The listing below should be reproduced exactly, with the pictures omitted.

▶ _Information shown_
....................
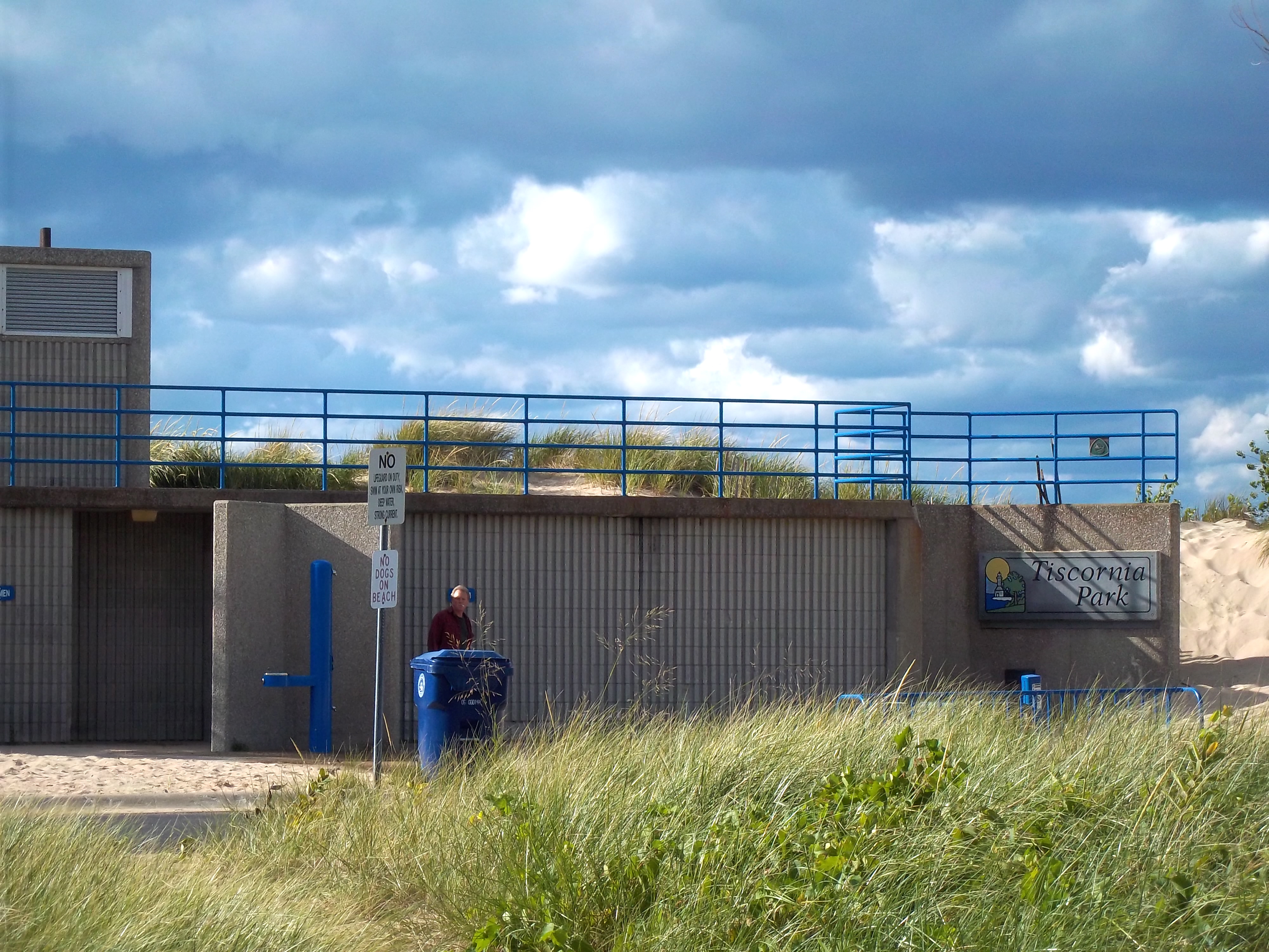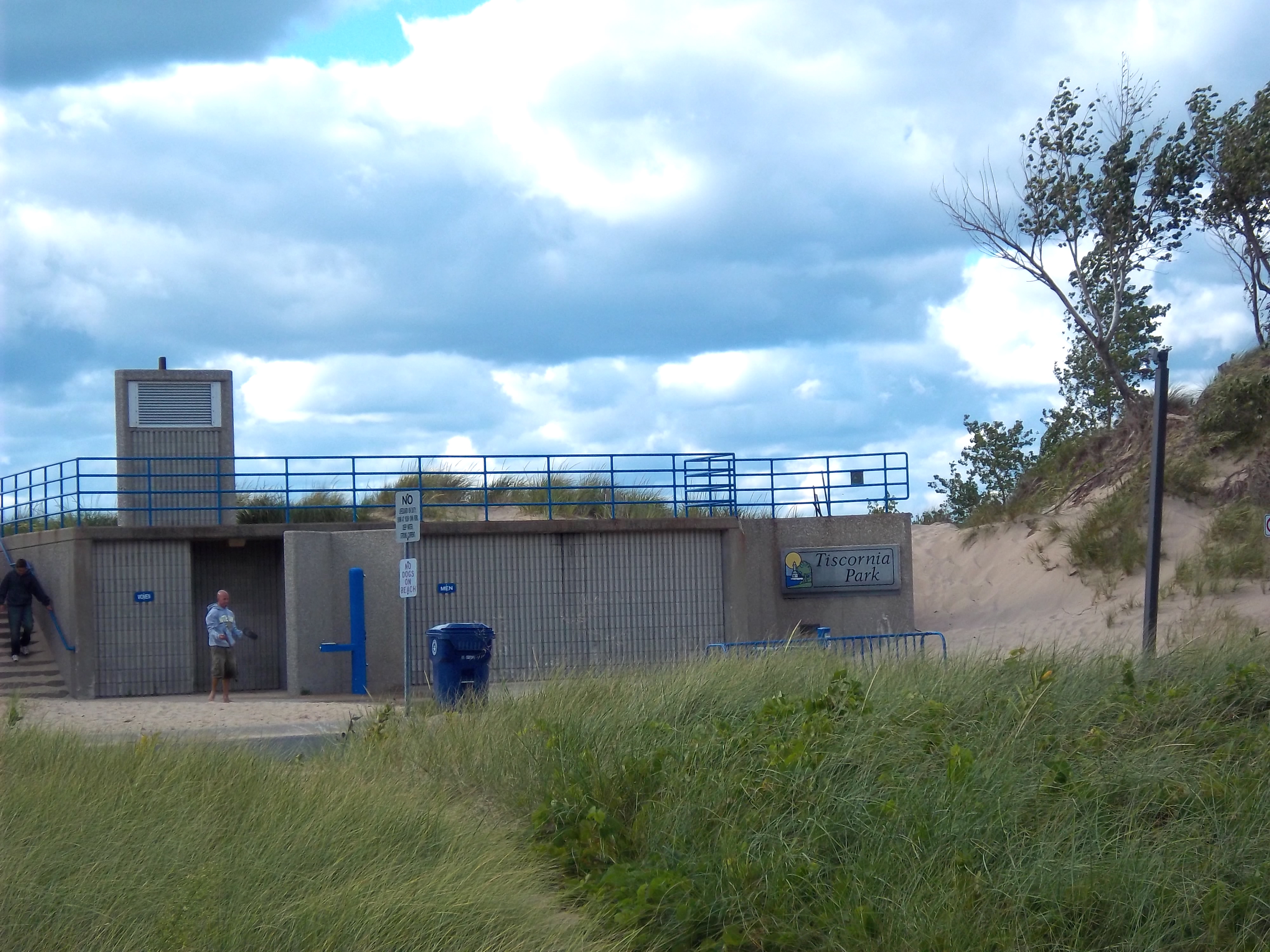 テイスコニアの駐車場に着いたら、まず目につくのがこの公衆トイレ兼更衣場。トイレは水洗でとてもキレイ。ミシガンは、高速道路のRest areasもそうだが、清潔な公共の場が多くて感心する。(ドイツ系が多いからかな?)
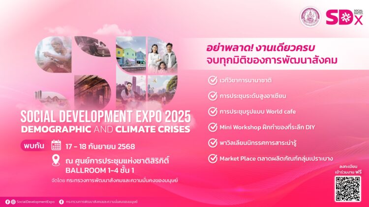กรุงเทพฯ- กระทรวงการพัฒนาสังคมและความมั่นคงของมนุษย์ (พม.) จัดงาน Social Development Expo 2025 (SDx 2025) ภายใต้หัวข้อ “Demographic and Climate Crises” ระหว่างวันที่ 17–18 กันยายน 2568 ณ บอลรูม 1-4 ชั้น 1 ศูนย์การประชุมแห่งชาติสิริกิติ์ เพื่อเป็นเวทีระดับชาติและนานาชาติในการเสริมสร้างความร่วมมือจากภาคีเครือข่ายทุกภาคส่วนของสังคมทั้งในและต่างประเทศ สำหรับการเตรียมความพร้อมรับมือและการจัดการ “วิกฤตซ้อนวิกฤต : โครงสร้างประชากรและสภาพภูมิอากาศ” ซึ่งส่งผลกระทบรุนแรงต่อกลุ่มเปราะบางและประชาชนทุกคน ไม่ว่าจะเป็นเด็ก เยาวชน สตรี ผู้สูงอายุ คนพิการ และผู้ด้อยโอกาสในสังคม
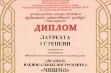 Поздравляем лауреатов Международного конкурса-фестиваля традиционной художественной культуры "Этномириада": Ансамбль "Чишмэ"(рук.Гарифзянов С.З.) -Лауреат I степени, Дуэт кураистов Мухутдинов Эмир, Шавалеев Амир (рук.Гарифзянов С.З.)- Лауреат II степени, Трио кураистов Гарифзянова Райхан, Минулина Регина, Ситдикова Гузалия (рук.Гарифзянов С.З.) - Лауреат III степени; Дуэт Галауетдинова Инзиля, Гатауллина Инзиля (рук.Хуснуллина А.И., конц. Ларин О.Ф.) - Дипломант I степени; Усов Денис (балалайка) -(рук.Усов А.А.,Конц. Хамидов Р.Р.) - Лауреат II степени;.Нелюбин Максим (рук.Усов А.А., рук.Хамидов Р.Р.) - Лауреат I степени; Мисбахов Кирилл (рук.Усов А.А., конц.Хамидов Р.Р.)-Лауреат III степени;Хакимова Зиля (рук.Гилязова М.Н.) - Лауреат III степени, Романов Никита (рук.Гилязова М.Н.) - Дипломант фестиваля
....................
▶ _Exercise solution_
 テイスコニアの駐車場に着いたら、まず目につくのがこの公衆トイレ兼更衣場。トイレは水洗でとてもキレイ。ミシガンは、高速道路のRest areasもそうだが、清潔な公共の場が多くて感心する。(ドイツ系が多いからかな?)
กรุงเทพฯ- กระทรวงการพัฒนาสังคมและความมั่นคงของมนุษย์ (พม.) จัดงาน Social Development Expo 2025 (SDx 2025) ภายใต้หัวข้อ “Demographic and Climate Crises” ระหว่างวันที่ 17–18 กันยายน 2568 ณ บอลรูม 1-4 ชั้น 1 ศูนย์การประชุมแห่งชาติสิริกิติ์ เพื่อเป็นเวทีระดับชาติและนานาชาติในการเสริมสร้างความร่วมมือจากภาคีเครือข่ายทุกภาคส่วนของสังคมทั้งในและต่างประเทศ สำหรับการเตรียมความพร้อมรับมือและการจัดการ “วิกฤตซ้อนวิกฤต : โครงสร้างประชากรและสภาพภูมิอากาศ” ซึ่งส่งผลกระทบรุนแรงต่อกลุ่มเปราะบางและประชาชนทุกคน ไม่ว่าจะเป็นเด็ก เยาวชน สตรี ผู้สูงอายุ คนพิการ และผู้ด้อยโอกาสในสังคม
 Поздравляем лауреатов Международного конкурса-фестиваля традиционной художественной культуры "Этномириада": Ансамбль "Чишмэ"(рук.Гарифзянов С.З.) -Лауреат I степени, Дуэт кураистов Мухутдинов Эмир, Шавалеев Амир (рук.Гарифзянов С.З.)- Лауреат II степени, Трио кураистов Гарифзянова Райхан, Минулина Регина, Ситдикова Гузалия (рук.Гарифзянов С.З.) - Лауреат III степени; Дуэт Галауетдинова Инзиля, Гатауллина Инзиля (рук.Хуснуллина А.И., конц. Ларин О.Ф.) - Дипломант I степени; Усов Денис (балалайка) -(рук.Усов А.А.,Конц. Хамидов Р.Р.) - Лауреат II степени;.Нелюбин Максим (рук.Усов А.А., рук.Хамидов Р.Р.) - Лауреат I степени; Мисбахов Кирилл (рук.Усов А.А., конц.Хамидов Р.Р.)-Лауреат III степени;Хакимова Зиля (рук.Гилязова М.Н.) - Лауреат III степени, Романов Никита (рук.Гилязова М.Н.) - Дипломант фестиваля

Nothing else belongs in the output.